• [Task description]
The answer must repeat every record exactly, with all pictures omitted.

• [Listed records]

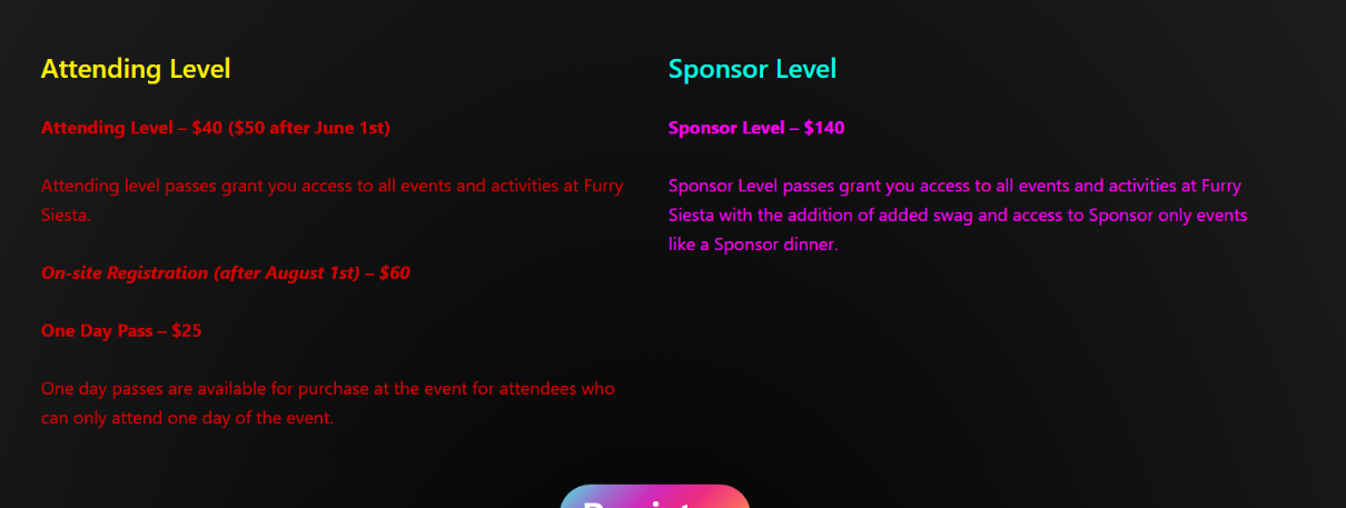 A Sponsor shows everyone you like the con and want to help make it better. As a Sponsor, you will receive all of the benefits of attending, as well as the following gifts:
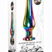 - Mid-sized rainbow aluminum anal plug with dazzling gem for enhanced sensual pleasure.
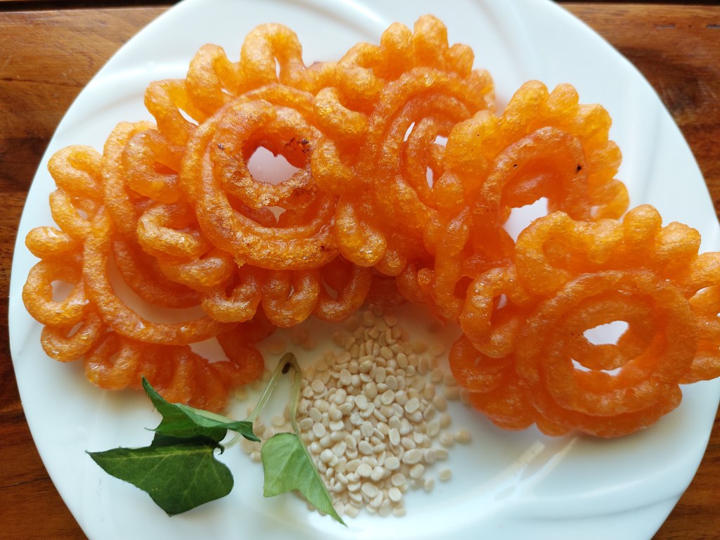 Imarti is an Indian sweet dish made of fermented urad dal batter, fried and dipped in sugar syrup. It is believed to have evolved in Mughal Kitchen.
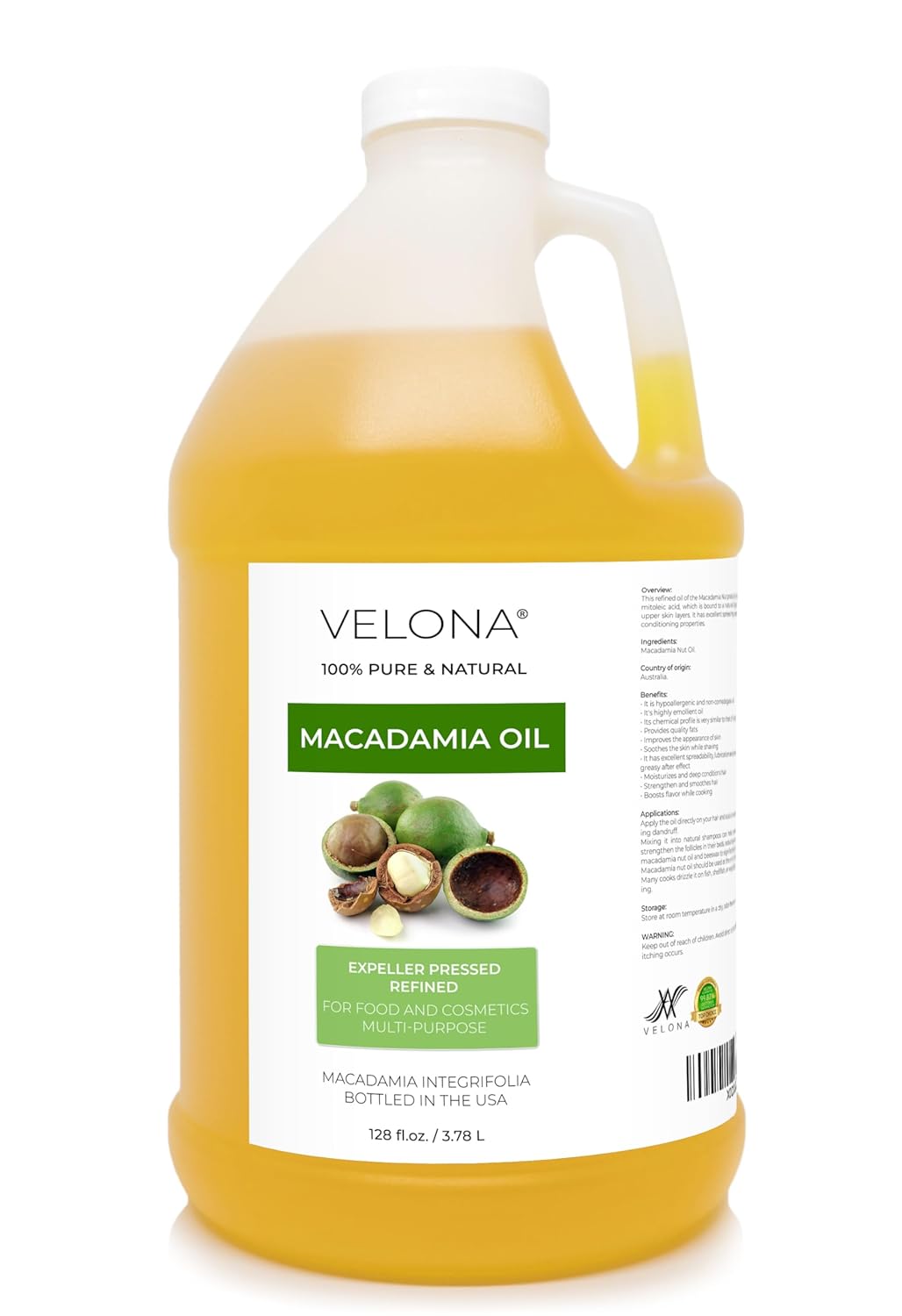 velona Macadamia Nut Oil 1 Gallon / 128 Fl Oz | 100% Pure and Natural Carrier Oil | Refined, Cold pressed | Cooking, Skin, Hair, Body & Face Moisturizing | Use Today - Enjoy Results
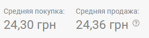 В обменках по состоянию на 08:00 средняя покупка 24,16 грн, средняя продажа - 24,22 грн.
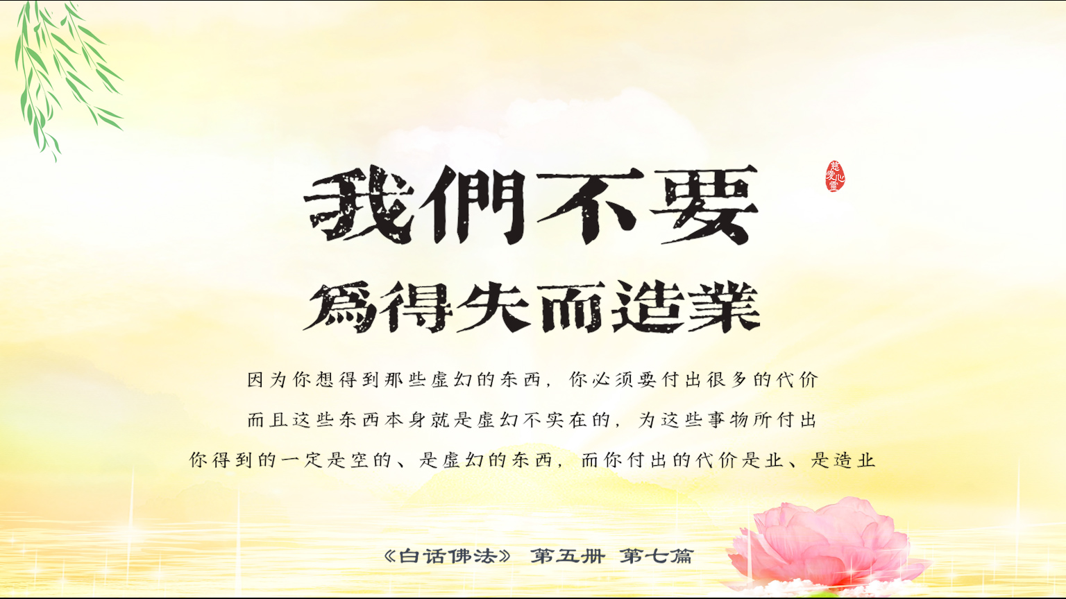不限会员 5-7-27我们不要为得失而造业。因为你想得到那些虚幻的东西,你必须要付出很多的代价,而且这些东西本身就是虚幻不实在的,为这些事物所付出,你得到的一定是空的、是虚幻的东.【图】
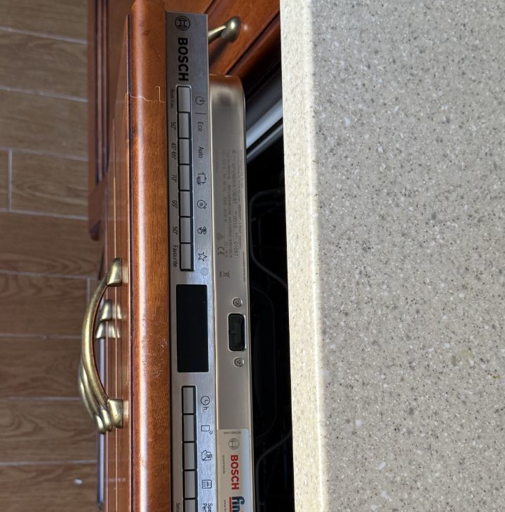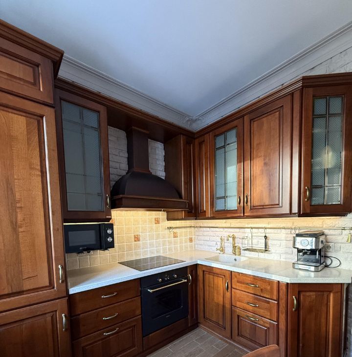 Кухня из натурального дерева Scavolini оборудована современной техникой, включая холодильник Miele, индукционную варочную поверхность, духовой шкаф Bosch и посудомоечную машину Bosch. Встроенные шкафы обеспечивают достаточное количество места для хранения.

• [Solution to the exercise]
 A Sponsor shows everyone you like the con and want to help make it better. As a Sponsor, you will receive all of the benefits of attending, as well as the following gifts:
 - Mid-sized rainbow aluminum anal plug with dazzling gem for enhanced sensual pleasure.
 Imarti is an Indian sweet dish made of fermented urad dal batter, fried and dipped in sugar syrup. It is believed to have evolved in Mughal Kitchen.
 velona Macadamia Nut Oil 1 Gallon / 128 Fl Oz | 100% Pure and Natural Carrier Oil | Refined, Cold pressed | Cooking, Skin, Hair, Body & Face Moisturizing | Use Today - Enjoy Results
 В обменках по состоянию на 08:00 средняя покупка 24,16 грн, средняя продажа - 24,22 грн.
不限会员 5-7-27我们不要为得失而造业。因为你想得到那些虚幻的东西,你必须要付出很多的代价,而且这些东西本身就是虚幻不实在的,为这些事物所付出,你得到的一定是空的、是虚幻的东.【图】
 Кухня из натурального дерева Scavolini оборудована современной техникой, включая холодильник Miele, индукционную варочную поверхность, духовой шкаф Bosch и посудомоечную машину Bosch. Встроенные шкафы обеспечивают достаточное количество места для хранения.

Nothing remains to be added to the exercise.